Friday has also questioned whether Simon Amor’s side are well enough equipped physically to deal with bigger team like Fiji, New Zealand and USA.
GB head coach Amor named four 15-a-side specialists in his 12-man squad, including 16-cap Scotland centre Mark Bennett, Scarlets back rower James Davies, Harlequins full-back Ollie Lindsay-Hague and Newcastle flyer Marcus Watson.
Former England Sevens boss Friday told The Rugby Paper: “It’s a strong GB squad – very experienced and balanced – but it’s not a particularly big squad and you have to question whether they have the physicality to compete with the big guys.

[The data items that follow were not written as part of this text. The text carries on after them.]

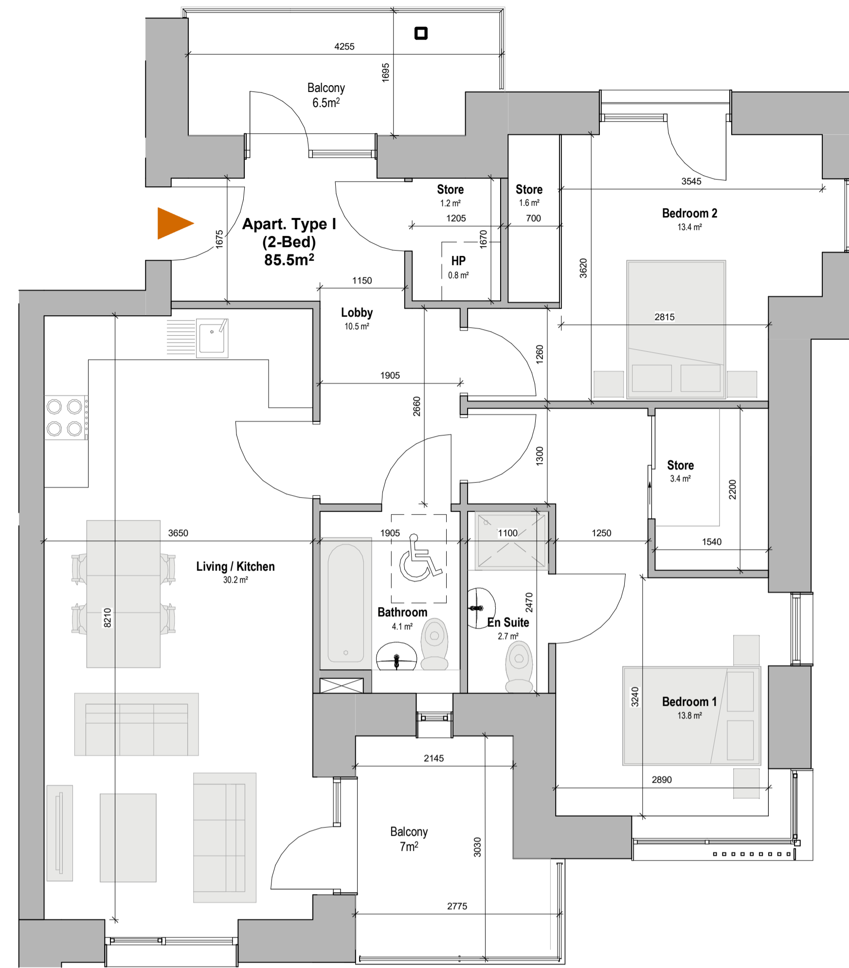
1 Apartment Type I 1 : 50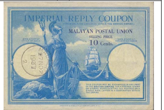
03-2 Malayan PU - "Selling price / 10 Cents." on two lines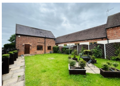
The Annexe, Hollies Lane, Pattingham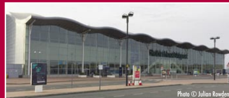
Doncaster-Sheffield Robin Hood Airport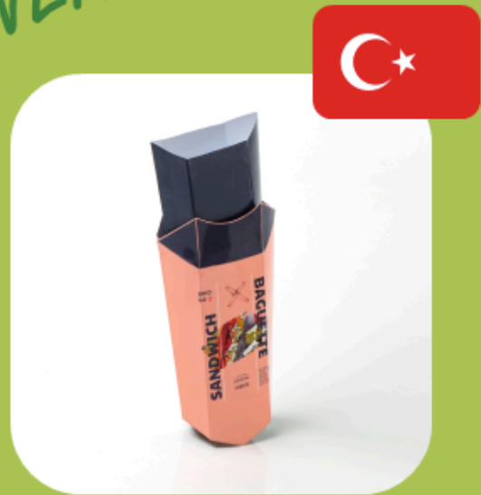
Creative Cartonboard Packaging Food & Drink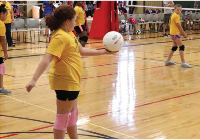
Girls Youth Volleyball began with 197 participants.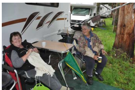
Rainy weather the ideal time for a chat and crochet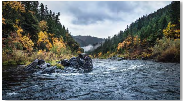
Plenty of fast water and rocks to dodge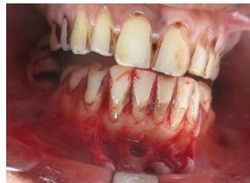
Fig. 3: Separated instrument exposed

After administering local anesthesia, a full thickness rectangular muco-periosteal flap was reflected in the buccal aspect of 31 and 41, this was achieved by giving intra crevicular incisions extending from the distal aspect of 33 to the distal aspect of 43 and two vertical releasing incisions given at 33 and 43. Flap was retracted and after achieving proper hemostasis and irrigating the peri-apical area with copious amount of normal saline the separated instrument was visible at the peri-apical region of 31. The instrument was retrieved by a mosquito forceps. RVG was taken to confirm no fragments of separated instrument was remaining in the area. (Fig. 3), (Fig. 4).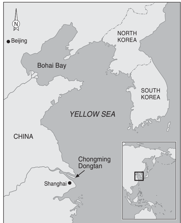
Figure 1. Map of Chongming Dongtan in the Yellow Sea region. The inset shows the location of Yellow Sea region within the East Asian–Australasian Flyway.

Supporting five million migratory shorebirds, the East Asian–Australasian Flyway is a major component of the Global Flyway (Barter 2002, Piersma 2007). Previous research along the East Asian–Australasian Flyway has yielded important insights into the variation in migration strategies of different shorebirds (Battley et al. 2000, 2005, Driscoll & Mutsuyuki 2002, Gill et al. 2005). Based on satellite tracking, recovery records and flight range estimates, these studies have shown that shorebirds are capable of a nonstop trans-oceanic flight between Australia and East China. Moreover, Tulp et al. (1994) suggested that large calidrid sandpipers such as Great Knot and Red Knot, fly directly from northwest Australia to the east China coast, while small species such as Red-necked Stint Calidris ruficollis are bound to stage and refuel in southeast Asia before continuing their northward migration. Their hypotheses are supported by the observation of Red-necked Stints in large flocks in southeast Asia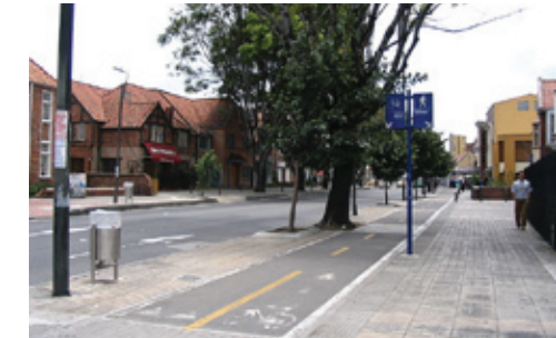
Separation with pavement markings, surface texture and signage.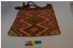
Bag, Tagari (F2016.236)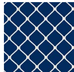
Grille Design 125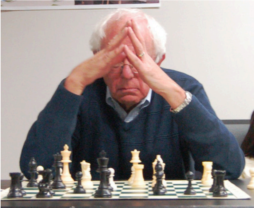
Figure 3. The senator plots his next move.

A younger Sanders may have criticized himself on the same grounds. In his book about becoming a US Representative for Vermont he commented on the Labor Party slogan (“The bosses have two parties. We need one of our own”) with “Hard to argue with that.” 11 And here’s an excerpt from that video he wrote about Eugene Debs: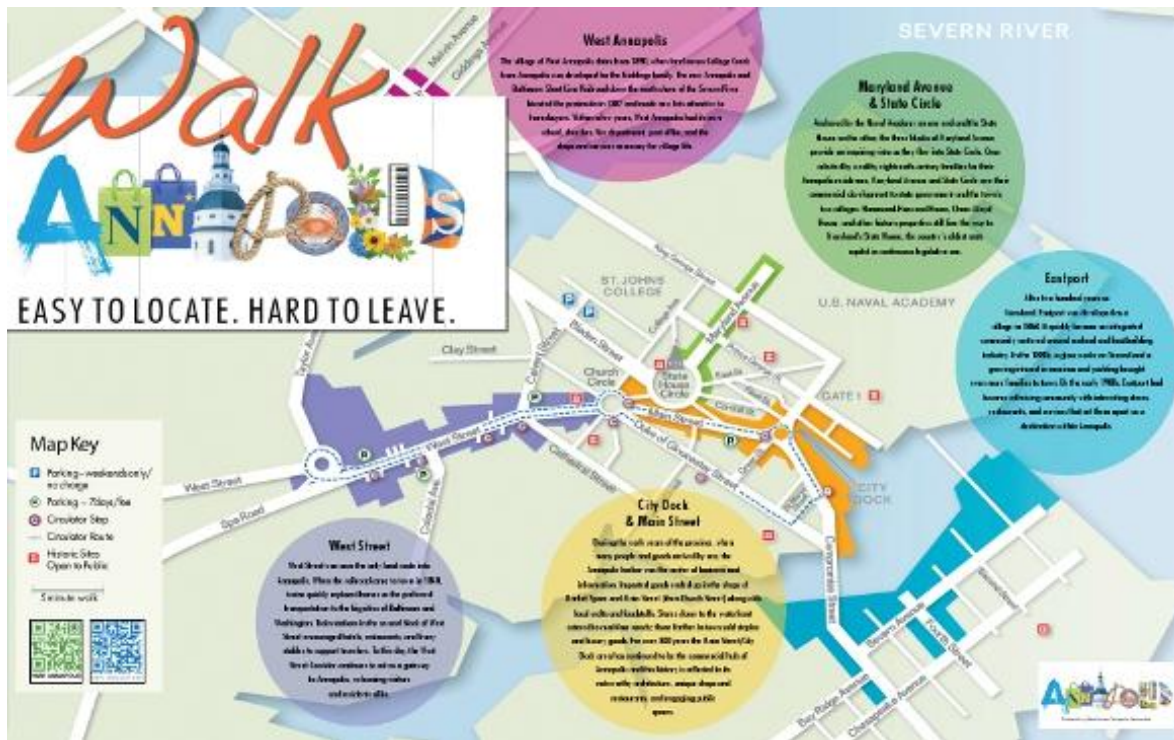
Figure 2 Map of walking routes in Annapolis, MD http://mainstreetsannapolis.org/

Public space plays a large role in the overall walkability of a city. According to Walkable Communities Inc., the most walkable neighborhoods have a usable public space within 1/8 of a mile of housing clusters (Walkable Communities 2013). The city of Savannah, Georgia is a prime example of deliberate land use planning that positioned public space within walking distance of residential neighborhoods. Not only is Savannah’s public spaces something to be sought after, their street organization is claimed to be one of the best in the nation. According to the Philadelphia planner, Edmund Bacon, the Savannah streets are “so exalted that it remains as one of the finest diagrams for city organization and growth in existence” (Erwin 2013). In the figure below Savannah’s public spaces are marked by red circles.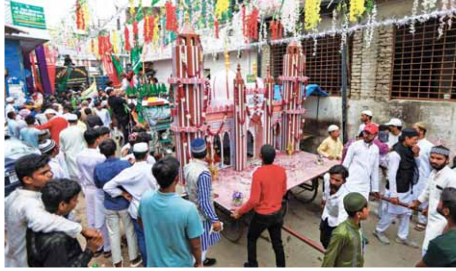
Muslims take part in an Eid-e-Milad-un-Nabi procession in Prayagraj, Monday, September 16, 2024 PTI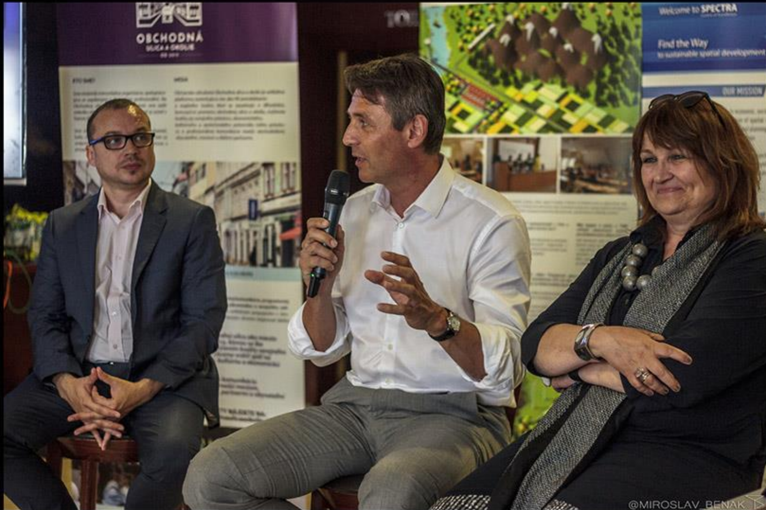
Diskusia s primátorom Bratislavy a hlavnou architektkou Bratislavy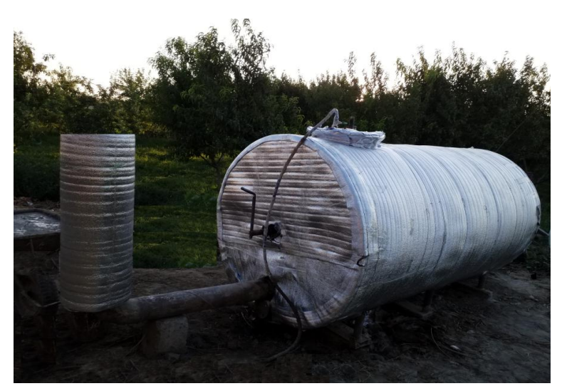
Figure-3. General view of a pilot production biogas plant

The application of this technology will allow the most complete use of energy and raw materials potentials contained in organic waste. In addition, these plants can process one structural organic waste such as cattle, chicken, pig and others separately.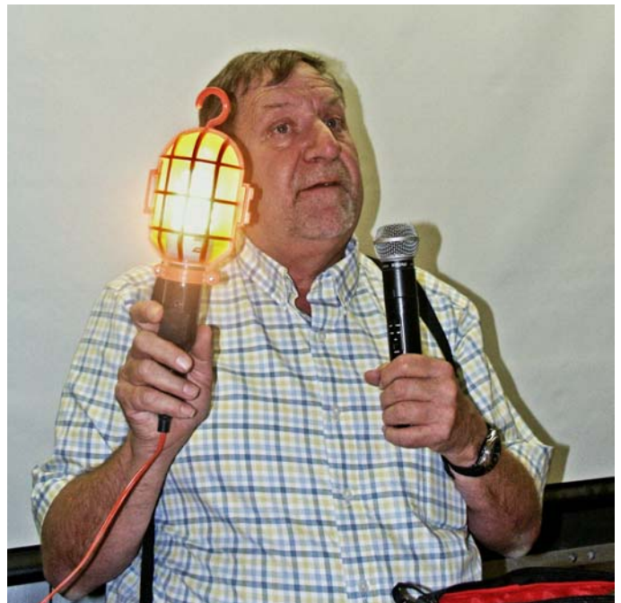
Glen, WA7X, powers a CFL lamp from 12V DC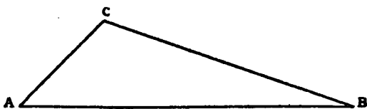
Illustration. connected by rail and having also an indirect connection by another line. Assume also that on this second line there is a town C. Diagrammatically the position may be illustrated as below—

The company with the direct route between A and B has its maximum scale charge fixed by Act of Parliament and is unable to exceed this scale, though it may reduce its rates as much below the scale as its governing officials consider expedient. It has already been seen that whatever is the rate for the direct journey cannot be exceeded by the longer indirect line through C. The company having the connection via C finds it worth while to come down to the level of the rate for the shorter direct route and does so. At C, however, there is no competition, so the scale rates are adhered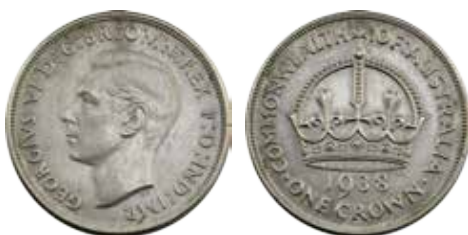
416 1938. Light tone. aEF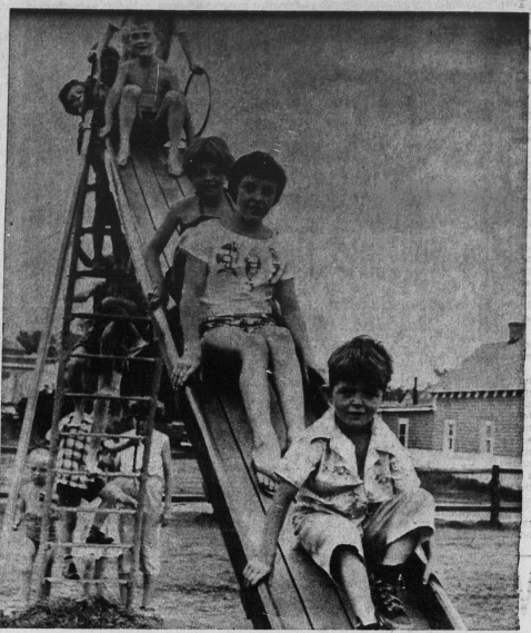
S'SIDE PLAYGROUNDS ARE POPULAR

SUMMERSIDE — With the discovery of an attempted break at Crockett's Jewellery Store on Water Street yesterday morning, it appears that thieves very active in the town over the weekend. Sunday an attempted break was discovered at the Jewellery Store on Central Street and also a break at the Capitol Theatre on Central Street. The intruders there netted the intruders well over $500 from the safe. It is believed the attempted break at the jewellery store occurred late Sunday night with thieves trying to gain access to the building by entering an alleyway between the Royal Bank and the Jewellery store. Several iron bars over the office window were torn away and an attempt was made to remove a fan from the air vent. The alleyway between the two buildings is also blocked at both ends, at one end with a heavy cement wall and at the north end by a steel gate. The thieves had to climb the gate in order to get into the alley. Police reported last night that no new leads have been uncovered regarding the three breaks.

“A lot of the other teams are not only powerful, strong and fast, they’re also full of big men with just a smattering of smaller, playmaker types.
“We’ll respect GB if we play them, but we certainly won’t fear them and I still feel they could have got more 15s men involved. Guys like Elliot Daly and George North could have been unbelievable but they didn’t get their act together in time.
“Team GB have missed a golden opportunity and it’s a fallacy to believe some of those Premiership guys couldn’t have made the adjustment. James Davies did it on a 7-10 week conditioning programme and any 15s player could have.”
Meanwhile, Friday turned heads across the Pond by naming NFL superstar Nate Ebner in his squad.
Friday denies Ebner’s inclusion is a publicity stunt aimed at boosting TV ratings and says the 27-year-old New England Patriots’ safety, who represented USA Rugby at U20s level earlier in his career, has earned his Olympics chance on merit.
He explained: “Nate’s massively impressed me. He’s been with us for five or six months and he’s really integrated himself back into rugby. He’s started to think like a rugby player again. He’s been phenomenal conditioning-wise and in his physicality around the breakdown and defence.
“I didn’t want people to think his inclusion was a PR stunt. That’s not fair on the man, he’s earned his right on merit and, hopefully, you’ll see that in Brazil.”
USA failed to win a single leg of last season’s Sevens World Series but scored decent points in each of the ten events to finish sixth overall
Of his side’s medal chances, Friday declared: “We didn’t quite get there in the World Series but we were contenders throughout and everybody feared us.
“We’re under no illusions, Fiji are the favourites by a mile and with the quality of players they have they should be winning this tournament.
“But if we can deal with the pressure, the conditions and have the big game mentality to come out and perform, we have the pace, power and physicality to beat anybody.”